| Por Pablo Quevedo Senovilla | 

Olores y colores de hojas secas en la Naturaleza traen el recuerdo de los tiempos de juventud en los domingos de salidas al campo. Es el otoño, compañero, la época del año más propicia para disfrutar del campo con los cinco sentidos.

Los chopos lombardos (Populus nigra) van cambiando de tono, del verde intenso que han lucido en verano, a los ocres, amarillos y naranjas, combinados en armonía. Las hojas caen de forma pausada, desnudándolo poco a poco, para volver a vestirlo en la próxima primavera.

El endrino (Prunus spinosa) ha mutado sus flores blancas de primavera por las ciruelillas moradas que se recolectan en otoño. Son las endrinas, que contienen unas propiedades científicas muy variadas y dignas de estudio.

Las zarzamoras (Rubus ulmifolius) –¡cuidado!, zarza, engancha– ofrecen un fruto que nace verde, crece en rojo y madura en negro. Así es el ciclo vital de esta baya rica en vitamina C, de agradable olor y fruto comestible. Sus colores pintorescos, al lado de los senderos, aumentan el encanto del otoño. Ese fruto reluciente permite que el fotógrafo, al pasar cerca, pueda conseguir su imagen del día.

El rosal silvestre (Rosa canina) es otro de los alicientes de esta época, un arbusto espinoso de la familia de las rosáceas. Su fruto tiene el nombre de escaramujo, vulgarmente atrampaculos. La planta es abundante en los bosques del entorno, con unas flores de agradable olor. El escaramujo no es comestible, pero realza con su color rojo la riqueza cromática de la naturaleza en todo su esplendor.

El majuelo silvestre se presenta imponente en estos últimos meses con el contraste visual desde el verde y ocre de sus hojas al rojo de sus pequeñas bolitas comestibles.

Los líquenes también protagonizan el otoño, bien agarrados a las piedras, formando esculturas de museo. Su misión es importante en el ecosistema, además de mostrar un color de misterio que invita a una fotografía segura con satisfacción.

Y que no falte el musgo, con sus verdes de siempre, para alfombrar y resaltar las zonas húmedas del bosque.

Cuando nos topamos con estas plantas, los amantes de la naturaleza siempre pensamos: ¡lugares sin contaminación!. Es un gran placer disfrutar y caminar entre estas joyas que ofrece el medio natural sin pedir nada a cambio.

En este otoño, hay días que con lo más mínimo se puede llegar a la emoción. A mí me sucede con frecuencia en mi constante caminar por senderos, caminos, laderas, cañadas, páramos y montañas. O en mis excursiones a los pueblecitos de la Castilla perdida, donde el visitante puede llegar y no encontrar a un solo paisano  al que dar los buenos días y preguntarle dónde está la fuente, la iglesia románica o algún atractivo que fotografiar para llevar a casa y comentar con la familia y los amigos.

 

Hayedo de la Pedrosa

El 28 de octubre, último domingo del mes, con una hora más por la rutina del cambio horario, el manto blanco apareció de madrugada en algunos lugares de la provincia, tal y como estaba previsto y anunciado.

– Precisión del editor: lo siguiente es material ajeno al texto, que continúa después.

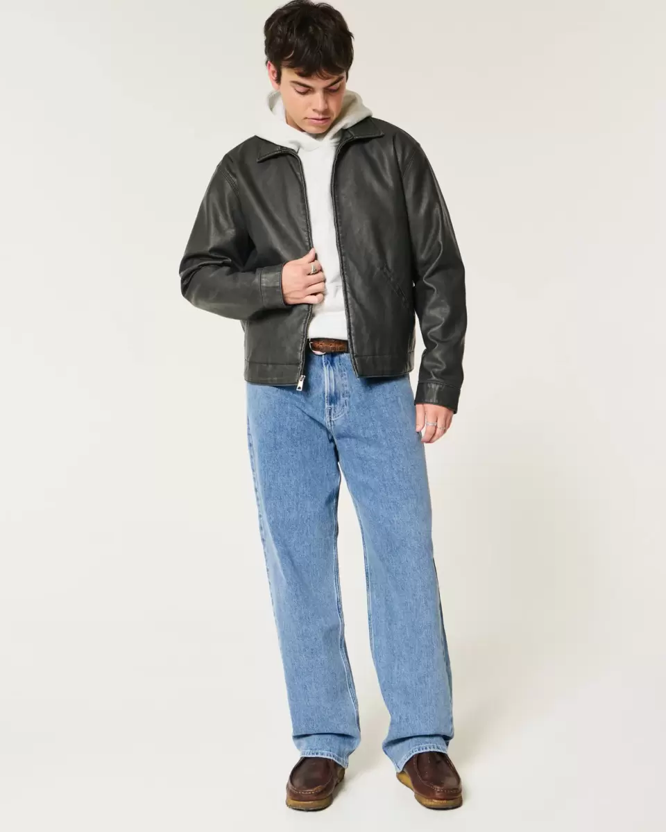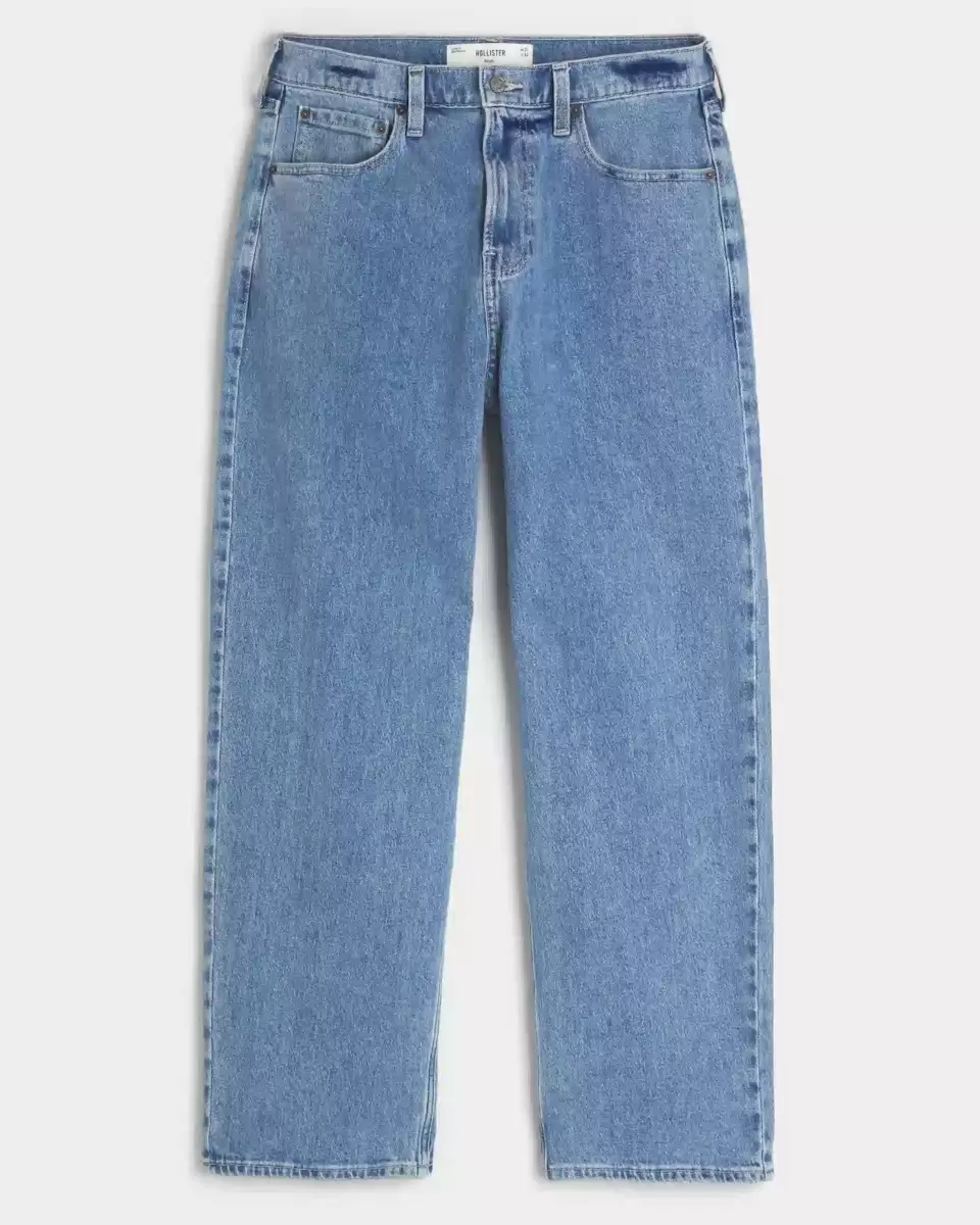 Jean en denim ultra-confortable, coupe ample et style emblématique à 5 poches. Délavage clair. Importé.

Decidimos ir al encuentro del otoño en el Puerto de la Quesera para disfrutar de una jornada a tono con el sacrificio que supone salir al campo en un día de frío helador, con tres grados bajo cero en el termómetro y una sensación térmica mucho más baja.

Al llegar a Cerezo de Abajo empezamos a divisar Somosierra para seguir en dirección norte y avistar Riaza. Aquí empezamos la guerra de disparos con nuestras cámaras fotográficas, poniendo los objetivos en los delicados rincones del paisaje que invitan a la alegría.

En una pasada conversación sobre naturaleza, el amigo Eugenio Maderuelo, profesor del colegio Santa Clara, me insistió en que no dejara de visitar el Hayedo de la Pedrosa, uno de esos lugares a los que todo aquel que lo conoce denomina como “encantador”.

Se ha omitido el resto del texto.